This weekend sees the long-awaited arrival of Robert Eggers’ The Witch, a horror film that comes into theaters on a tidal wave of praise. It’s a good movie, capturing a sober and classical tone that helps sell the arcane events that occur during the film’s 93 minutes. But it also represents a growing problem plaguing the horror genre — ridiculous hype that threatens to scuttle a perfectly nice time in the movie theater.
The old Spider-Man adage about great power requiring great responsibility is a fitting one for this rise in festival hype and the potential fallout that comes from it. Pull-quotes and social media marketing helps awareness for smaller films but it also puts audiences in a pickle when their hard-earned discretionary income is squandered on misleading properties. In recent years the access has gone up in early screenings and with that wider net comes more hyperbole and the need to be louder to stick out in the crowded world of online criticism.

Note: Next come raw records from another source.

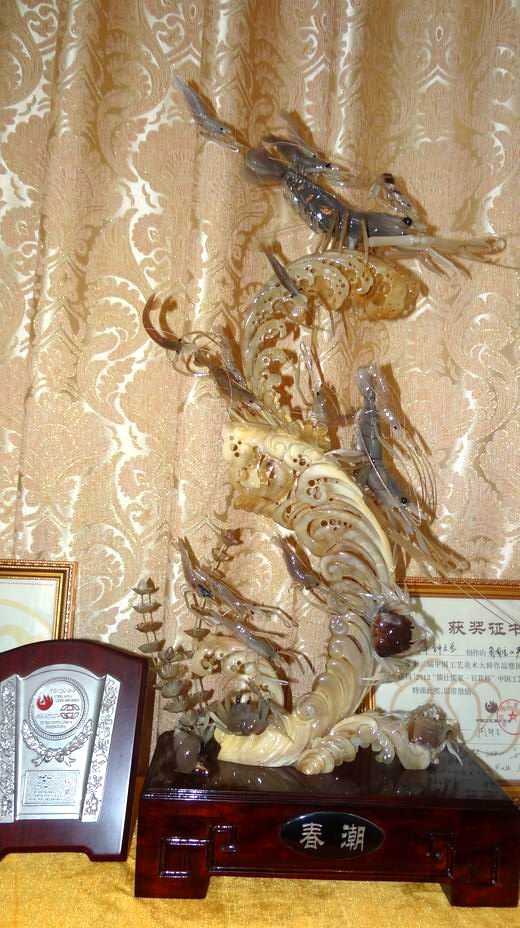 老白的另一件角雕工艺作品在2014年还获得一个全国金奖。
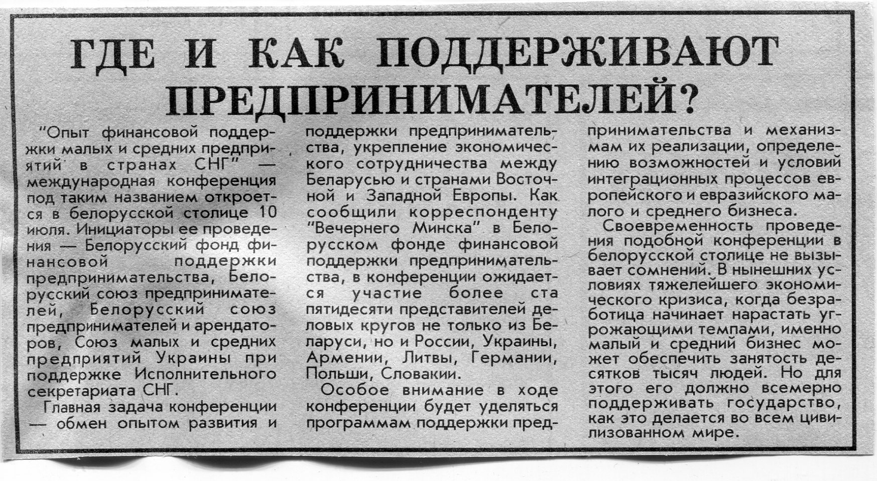 Залесский, Б. Где и как поддерживают предпринимателей? / Б. Залесский // Вечерний Минск. - 1996.- 8 июл.
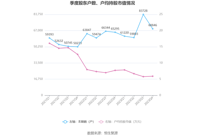筹码集中度方面,截至2023年年末,公司股东总户数为6.88万户,较三季度末下降了1.49万户,降幅17.77%;户均持股市值由三季度末的5.79万元上升至5.92万元,增幅为2.25%。

To many, seeing a film early creates an exclusivity that can be mined for attention and recognition. The need to be first overrides the responsibility to the audience to provide lucid and fair criticism and as a result the hype reaches critical mass. Where the damage is really felt is in the mainstream, because broad appetites aren’t as attuned to the nuances that elevate many fringe films. The Witch is certainly a film that will be affected by the hype and expectations it’s riding into theaters.

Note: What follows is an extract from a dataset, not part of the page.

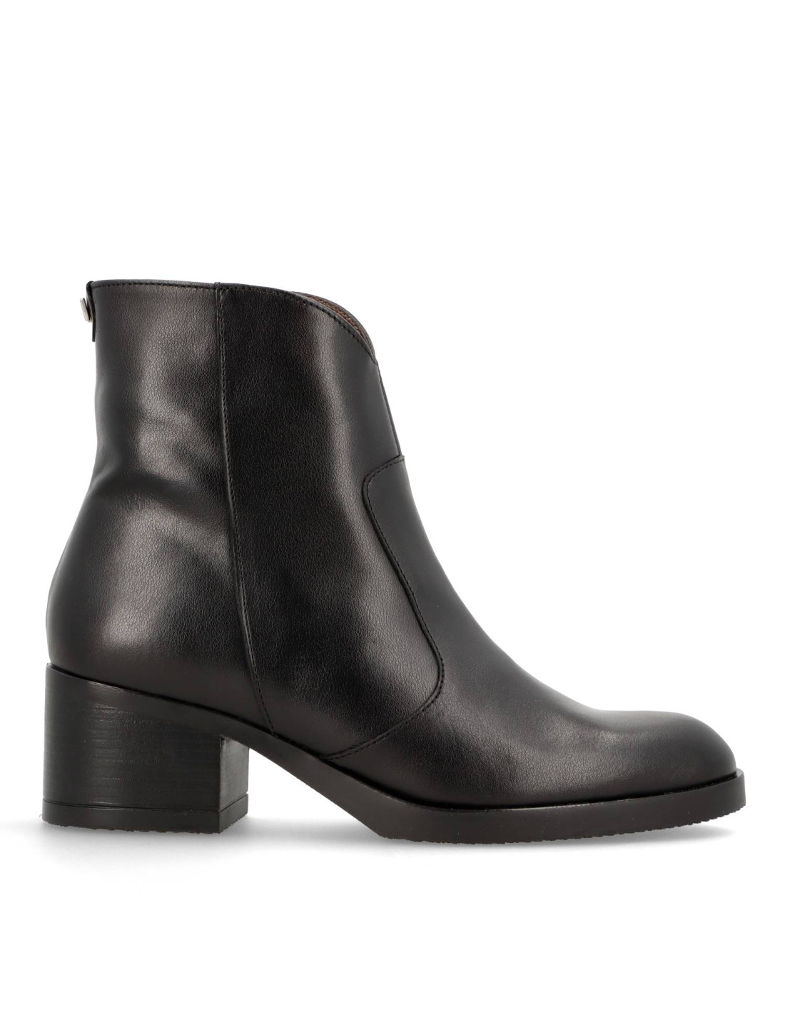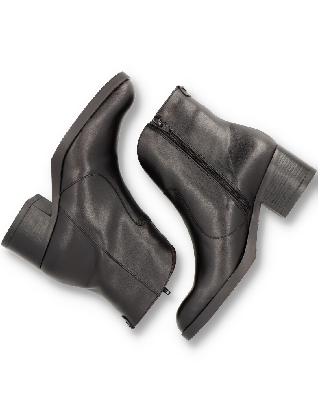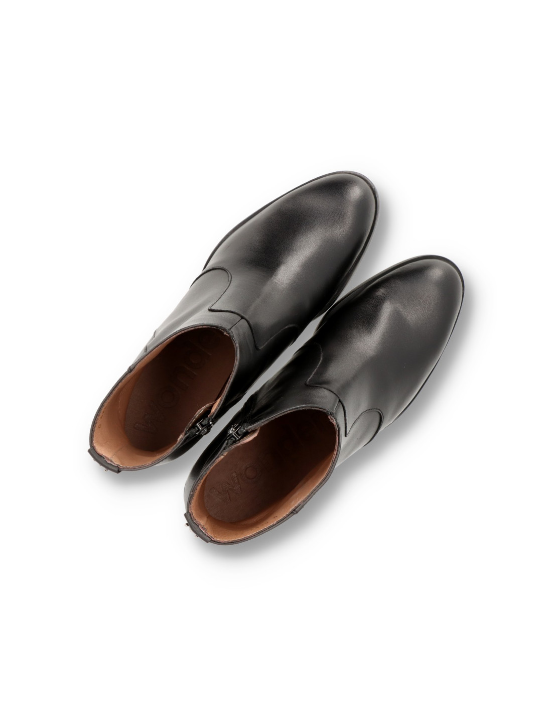 Botín de tacón para mujer G-6253 MELISA de Wonders. Confeccionado en piel natural de primera calidad con acabado liso y natural. Su diseño sobrio y elegante lo convierte en un básico atemporal, perfecto para looks diarios o más refinados. La caña de altura media se adapta suavemente sin oprimir. El cierre con cremallera interior oculta facilita el calce sin alterar la estética.La suela de TPU es ligera y flexible, con un tacón cuadrado de 5 cm que aporta estabilidad. En el interior, la plantilla Memory Gel recubierta de piel asegura una pisada suave y confortable.HECHO EN ESPAÑA
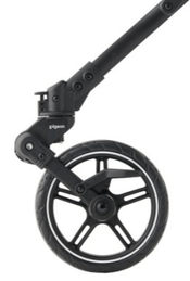 18.0cmの大径タイヤを対面走行時の前輪に採用することで、歩道などの段差をよりスムーズに乗り越えることができます。赤ちゃんが大きくなって背面で使用する際には、後ろにかかる重心をしっかり支えます。

The film won the Director’s Award at Sundance last year, so there is a precedent for legitimate buzz. But it is most certainly not nearly as broadly accessible a horror film as most would believe. It’s an exercise in tone and slow-burning tension that showcases the power of religion in ways that push right to the envelope of taboo, especially in the dynamic of a small family excluded from the rest of society. Watching a family, including young children succumb to the horrors of The Witch may be too much for some audiences to endure as will the Satanic overtones throughout the story. The allegorical parallels to modern society also with tweak a nerve or two.
It’s a small film. Graceful and subtle and with oftentimes difficult to decipher dialogue due to Eggers’ decision to be authentic to the period. It also has a structure than some may find lacks the gut punch the build-up alludes to. It’s a solid independent horror movie, and if the expectations were a bit less overt, it’d be one of those movies that was a grassroots hit. It’s more authentic and prevents overhype. As it stands more than a few audience members will come out of the theater wondering what all the buzz was about.
That’s the thing about buzz. It can be a weapon that works counter to the intentions. Time will shine brightly on The Witch after everything equalizes but like The Babadook and It Follows the hype and expectations are just a bit too much for what are essentially elegant boutique horror movies.